Тысячи мясных туш дает совхоз в год на консервный завод. Оленьи шкуры везут на замшевый завод. Из шерсти в городе изготовляют фетр. Из копыт — клей. А оленье молоко в совхозе пьют вместо воды. Очень жирное молоко у важенки — оленьей коровы. А когда-то здесь, у Медвежьей горы, где раскинулся поселок, было глухое место. Сосны, камни, низины и ветер-хозяин. Пришли зимовщики, поставили три юрты, согнали оленей, вырубили лес, составили чертежи построек. Совхоз насчитывал тогда всего шестьсот оленей. Директор хорошо помнит событие, которое взбудоражило весь район. Это случилось давно, когда у них был единственный ветеринарный врач. Стойбище радовалось созданию совхоза: много оленей привели с собой из далеких становищ кочевники. И вот откуда-то появилась болезнь — сибирская язва. Падали олени один за другим. Врач ничего не мог сделать. Из района помогли. Приехали зоотехник и несколько ветеринаров. Провели поголовную прививку «сибирки».

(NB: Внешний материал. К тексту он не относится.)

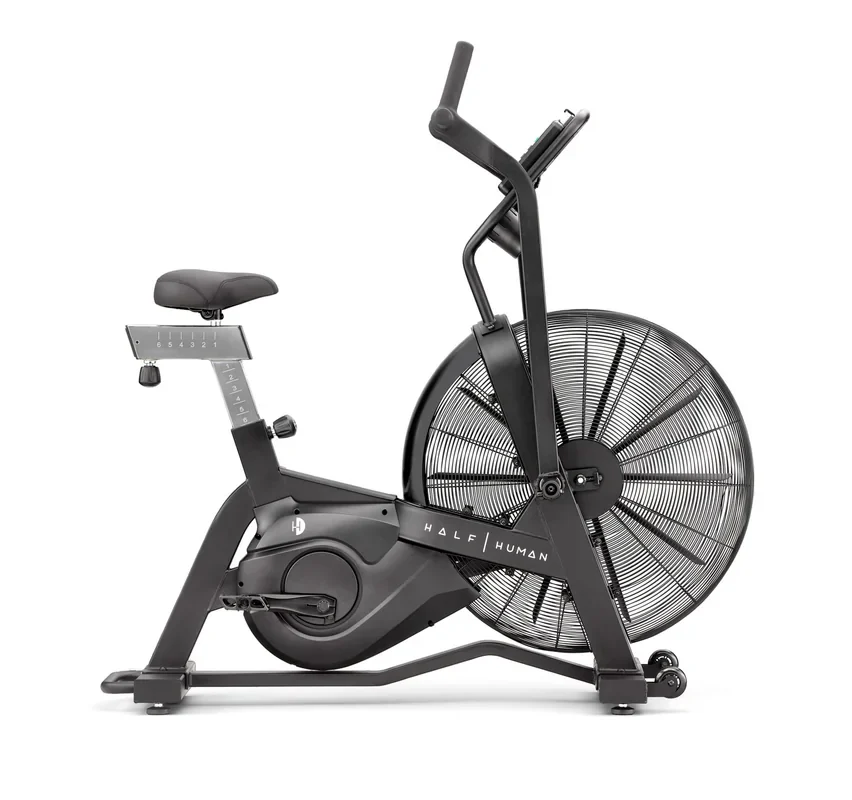 Half Human Air Bike zapewnia wygodę dzięki regulowanemu w dwóch płaszczyznach siodełku oraz ergonomicznym uchwytom z różnymi opcjami chwytu. Antypoślizgowe pedały, kółka transportowe i regulowane stopki stabilizujące ułatwiają użytkowanie i przemieszczanie urządzenia. Rower przeznaczony jest dla osób o wadze do 150 kg – to solidny wybór zarówno do domu, jak i do studia treningowego.

Трудная работа у Махмуршина. Почетная работа. Думать надо много, много. Всему нужен учет. Днем Махмуршин на посту директора, а вечером учится читать и считать. Взрослый сын помогает.
Поселок не узнать теперь. Поселок защищен от северных колючих ветров тайгой, он прилепился к подножью Медвежьей горы. Ветер гуляет там на вершине. И только зимой, когда падают снега, ветру легче пробраться на улицу. Тогда бушует вьюга. Она свистит и воет, как старый шаман Зы́рка, которого прогнали вместе с сибирской язвой.
Из толстых бревен сложены дома, контора, амбулатория, школа, клуб, магазин, лаборатория и продовольственные склады. Чистые и теплые дома у всех работников совхоза. У каждого в доме радио, газеты. У каждого дети учатся в школе. Вот сидит напротив Махмуршина почетный оленевод Банка Онэмэ и курит трубку. Он совсем, совсем уже приготовился слушать директора. Директор любуется гостем. Онэмэ собрался как на праздник. Замшевая куртка Онэмэ украшена цветным рисунком и бусами. На ногах расшитые унты. Наверное, опять привез Онэмэ песню, и Косев будет рад, как ребенок, недаром он дружит с кочевниками, умеющими петь длинные легенды, и разъезжает по тундре, записывает песни. Это Махмуршин дает ему адреса напевников. Уж он-то знает всех оленеводов округа!